В дружбе, в частом общении незаметно пролетали годы, – старое старилось, молодое росло. Заневестилась крестница Мазепы Матрена; пробилась обильная седина в кудрях ее крестного отца. Овдовел пан гетман, и заскучала его жизнь. Как могли – участливым словом, проявлением особого внимания, – старались кум и кума Кочубеи поразвлечь кума гетмана в дружеском застолье, чтобы он в полной чарке мог бы топить свою печаль и тягостные раздумья об одиночестве. Приятно было куму Мазепе бывать у них. И случилось так, что на его, гетманском, высокочтимом личном примере подтвердилось примечательное состояние человека, при котором седина – в бороду, а бес – в ребро.

Задумал Мазепа жениться в другой раз и, чтобы невесту где-то на стороне не искать, указал на свою крестницу Матрену.

Повеселились, посмеялись старики Кочубеи такому предложению.

– Ой, пан гетман, и пересмешник же ты!

– Такого бы зятя да не иметь!.. Вот покумились некстати… Ой, от смеху в боку закололо… Матрена, что скажешь?
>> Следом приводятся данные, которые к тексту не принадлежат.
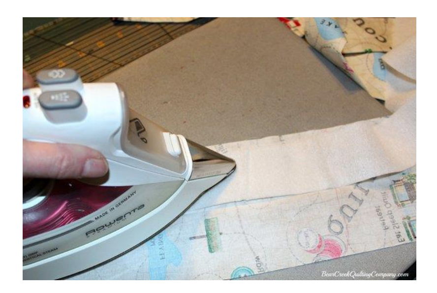
Place fusible batting close to the fold and adhere, following manufacturer's directions.

Каков крестный жених?

А Матрена скромненько очи опустила и от приятности слегка зарделась.

– И потешник же, друже кум!

Ан ничуть не бывало. Даже малой усмешки ни в глазах, ни на губах гетманских не было. Самым серьезнейшим образом предлагал он крестнице руку и сердце.
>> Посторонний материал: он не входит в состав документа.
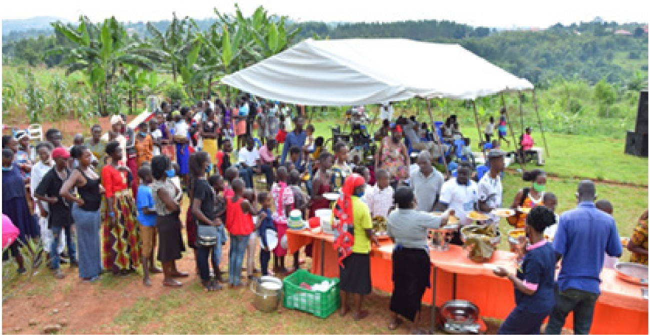
Parents and children enjoying a meal

What a way to wrap up the year! The purpose of the Christmas party was to celebrate with our families especially those that cannot afford a Christmas celebration in their homes to also have that amazing feel and for the children to remember and celebrate the birth of Jesus Christ irrespective of the situation and conditions they are going through.

– Да как же так… Постой… – нахмурился кум Кочубей. И изумленно всплеснула руками кума.

– Бога надо бояться. На такое сватовство церковный запрет положен. Крестный отец ты ей, отец, пан гетман, отец! – повторяла ему кума и сурово упрекнула: «Волосом сед, а стыда нет».

Видно, не понимала того кума Кочубеиха, что иной седой дороже молодого кудрявчика. А у гетмана и седина его была кудреватая, или, по-другому сказать, кудри были седые. И никаким удалым красавчиком-парубком не прельстилась бы так Матрена, как уже была прельщена старым гетманом. Кто знает? – может, прилюбилась ей думка гетманшей стать; может, с детских лет полюбила своего крестного, как родного отца, а потом вот и больше того – полюбила, как суженого. Она, Матрена, была согласна.

Вразумляли ее родители и добрым словом и угрозами, но она не вразумилась бы и от плетки, и если отец с матерью отказывают гетману, то она из отцовского дома тайком в гетманский дом убежит.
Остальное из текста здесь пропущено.